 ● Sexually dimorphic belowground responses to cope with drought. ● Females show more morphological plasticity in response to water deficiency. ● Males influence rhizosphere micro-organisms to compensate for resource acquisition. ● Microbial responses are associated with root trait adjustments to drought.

--

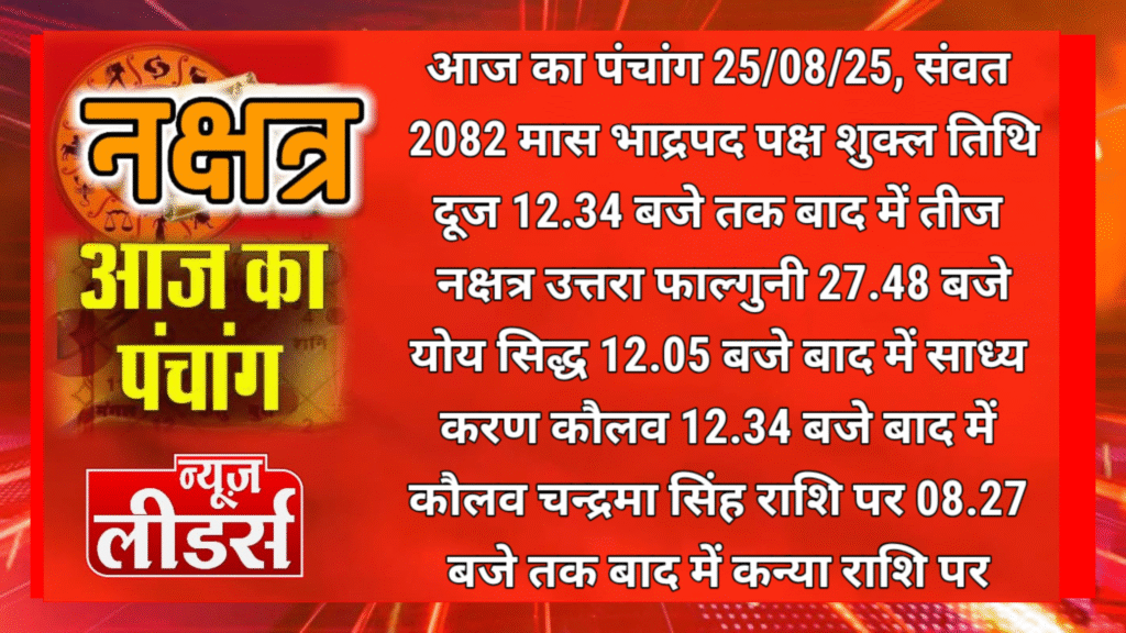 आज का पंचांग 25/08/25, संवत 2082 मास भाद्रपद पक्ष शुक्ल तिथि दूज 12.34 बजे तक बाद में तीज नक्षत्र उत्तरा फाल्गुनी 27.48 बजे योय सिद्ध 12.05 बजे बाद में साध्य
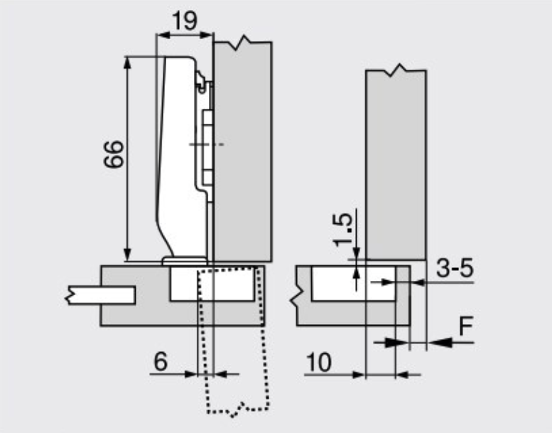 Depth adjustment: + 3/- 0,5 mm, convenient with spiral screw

WORK INSTRUCTIONS
The stretch to restate runs from the line above containing "आज का पंचांग" through the line containing "Depth adjustment: +". Copy it word for word, ends included, without pictures.

WRITTEN SOLUTION
 आज का पंचांग 25/08/25, संवत 2082 मास भाद्रपद पक्ष शुक्ल तिथि दूज 12.34 बजे तक बाद में तीज नक्षत्र उत्तरा फाल्गुनी 27.48 बजे योय सिद्ध 12.05 बजे बाद में साध्य
 Depth adjustment: + 3/- 0,5 mm, convenient with spiral screw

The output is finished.